The result should be the listing below, restated exactly, with its pictures left out.

> SUPPLIED MATERIAL:
== Segment start ==

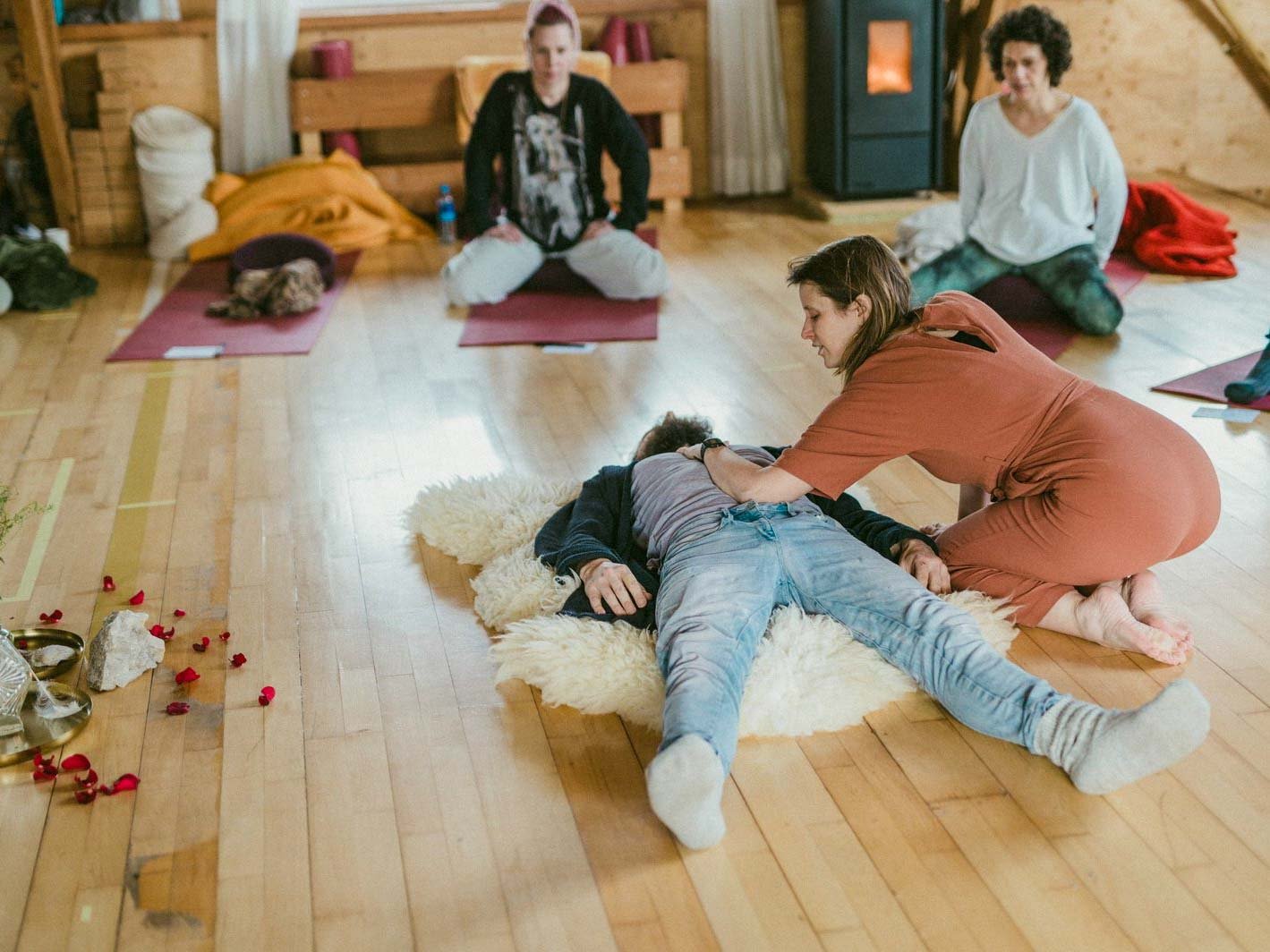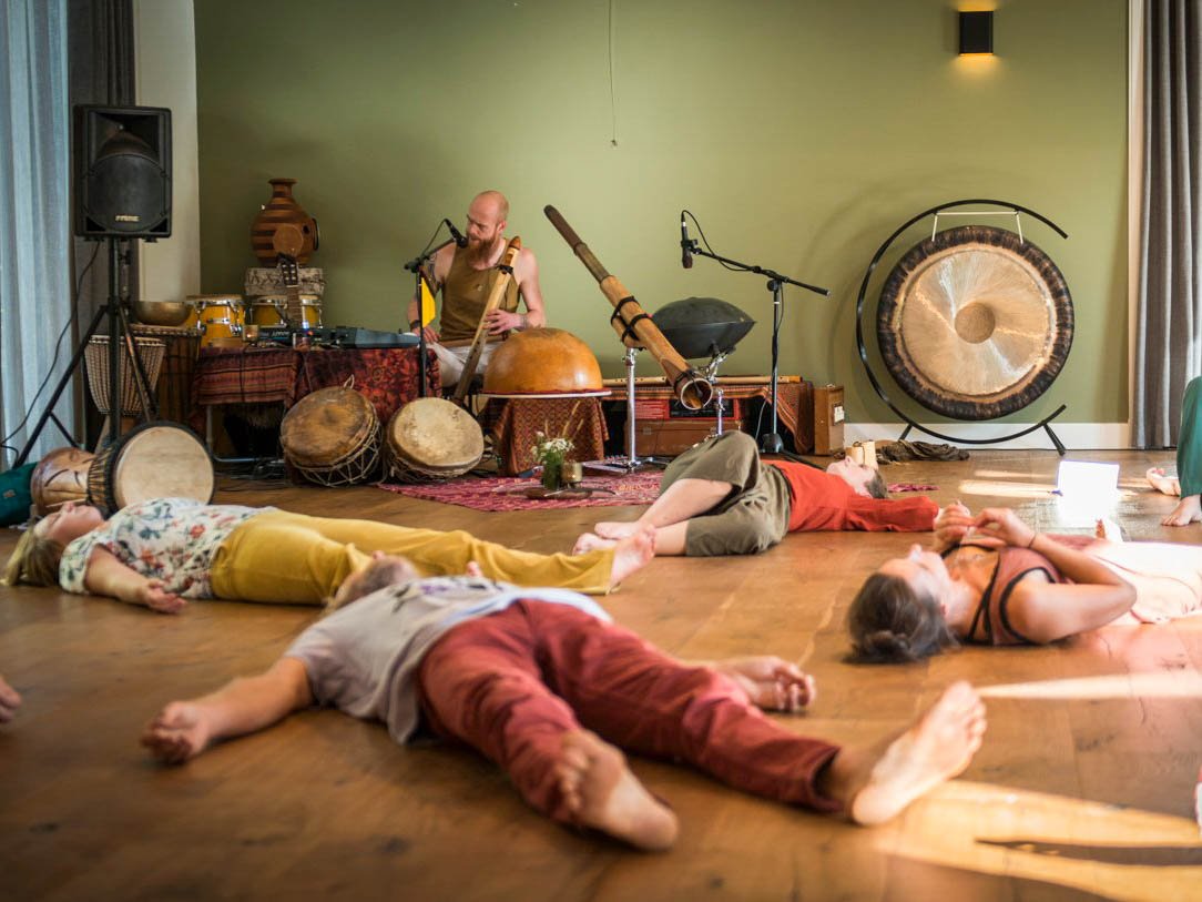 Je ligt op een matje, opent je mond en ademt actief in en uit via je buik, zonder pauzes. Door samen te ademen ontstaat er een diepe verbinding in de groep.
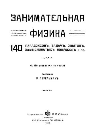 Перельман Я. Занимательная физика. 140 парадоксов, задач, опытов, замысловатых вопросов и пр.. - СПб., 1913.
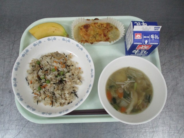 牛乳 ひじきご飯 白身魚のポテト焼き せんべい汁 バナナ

== Segment end ==

> SOLUTION BELOW:
 Je ligt op een matje, opent je mond en ademt actief in en uit via je buik, zonder pauzes. Door samen te ademen ontstaat er een diepe verbinding in de groep.
 Перельман Я. Занимательная физика. 140 парадоксов, задач, опытов, замысловатых вопросов и пр.. - СПб., 1913.
 牛乳 ひじきご飯 白身魚のポテト焼き せんべい汁 バナナ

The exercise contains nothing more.